The Ministry of Public Security informed the Working Group that all procedural aspects of arrest and detention shall be reviewed with a view to implementing the constitutional principle concerning the Rule of Law. Issues such as the condition of pregnant women, drug addicts, minors and other vulnerable groups will be defined by law enacted by the National People’s Congress and not, as in the past, by internal police regulations and the like. Recently, the Ministry of Public Security also embarked upon the elaboration of a draft bill on administrative procedural law, which will define all the substantive aspects of arrests carried out by public security organs.

Similarly, in the Ministry of Health, the Working Group was informed that this Ministry drafted a law which will regulate nation-wide the admission and holding in psychiatric institutions of mentally ill patients, including those held against their will.

The Working Group welcomes this positive evolution. However, it would like to stress that at this stage, the four recommendations formulated in its 1997 report have not yet been implemented. Namely, the provision which stipulates that everyone shall not be consider guilty until convicted has not been amended to clearly stipulate the presumption of innocence until proven guilty; no definition for the term in criminal law “endangering national security” has been given, hence the application of criminal law provisions using this unduly broad notion may invariably give rise to arbitrariness; no legislative measures have been taken to ensure a clear-cut exception from criminal responsibility for those peacefully exercising their rights under the Universal Declaration of Human Rights; and finally, no real judicial control is exercised within the procedure to commit someone to re-education through labour. The lawsuit the affected person may initiate cannot be deemed under international law as an effective remedy against arbitrary deprivation of liberty.

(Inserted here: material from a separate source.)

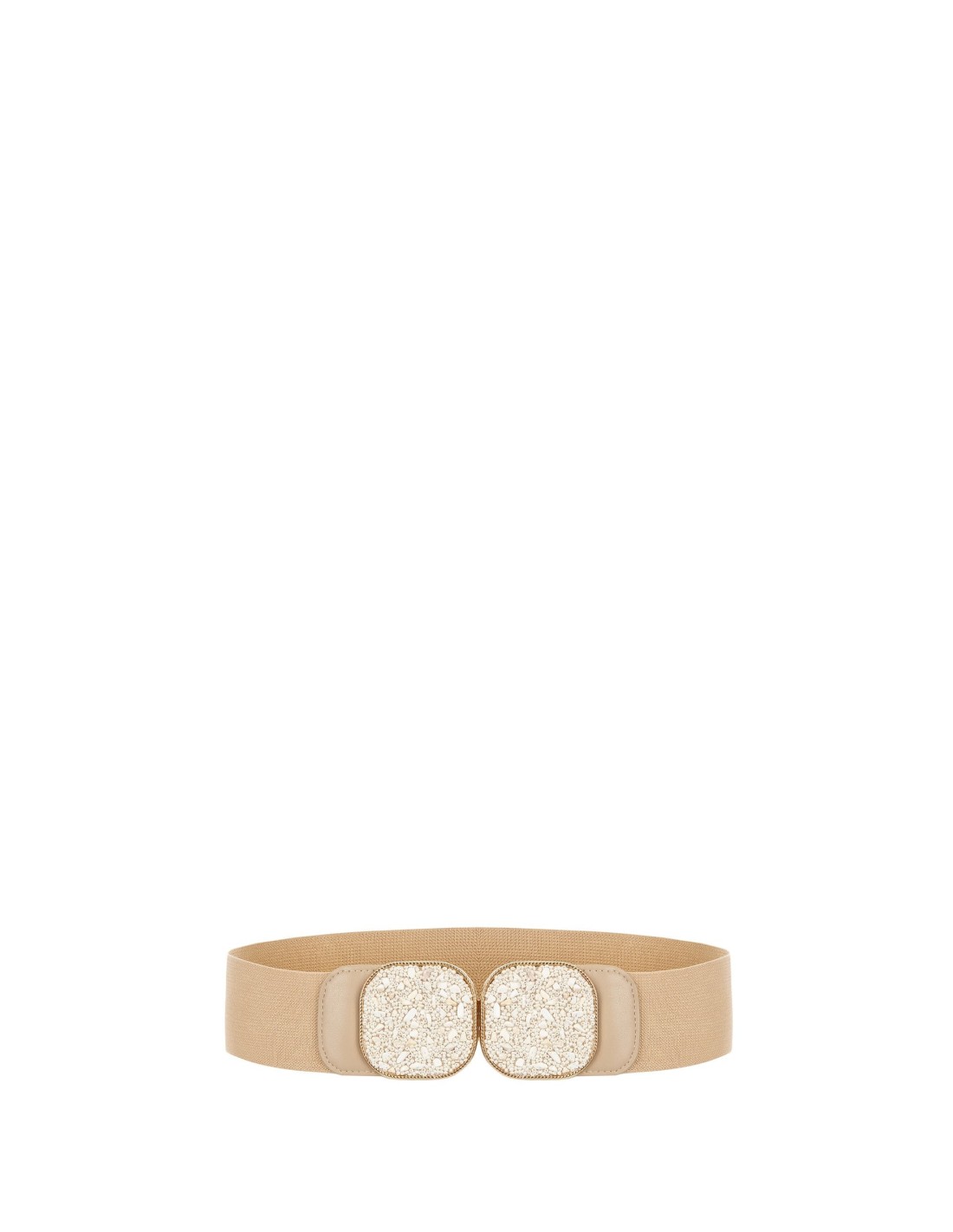Faixa na cintura elástica, envolvente e confortável, que realça a silhueta sem apertar. A frente é enriquecida com um fecho duplo tipo joia com micro-pedras em relevo, para um efeito de luz imediato. Perfeita para vestidos de cerimónia, festas e looks de noite sofisticados.

The Working Group also noted that some of the authorities competent in detention-related matters do not seem to fully realize that irrespective of the legal qualification given by national law to any form of deprivation of liberty, the safeguards against arbitrariness provided by international standards must be respected. Therefore any form of deprivation of liberty — whether linked to criminal offences, contravention of administrative law provisions, socially unacceptable behavior; mental illness; illegal immigration and the like — must be subject to judicial control.

These are the first impressions at the conclusion of the Working Group’s visit.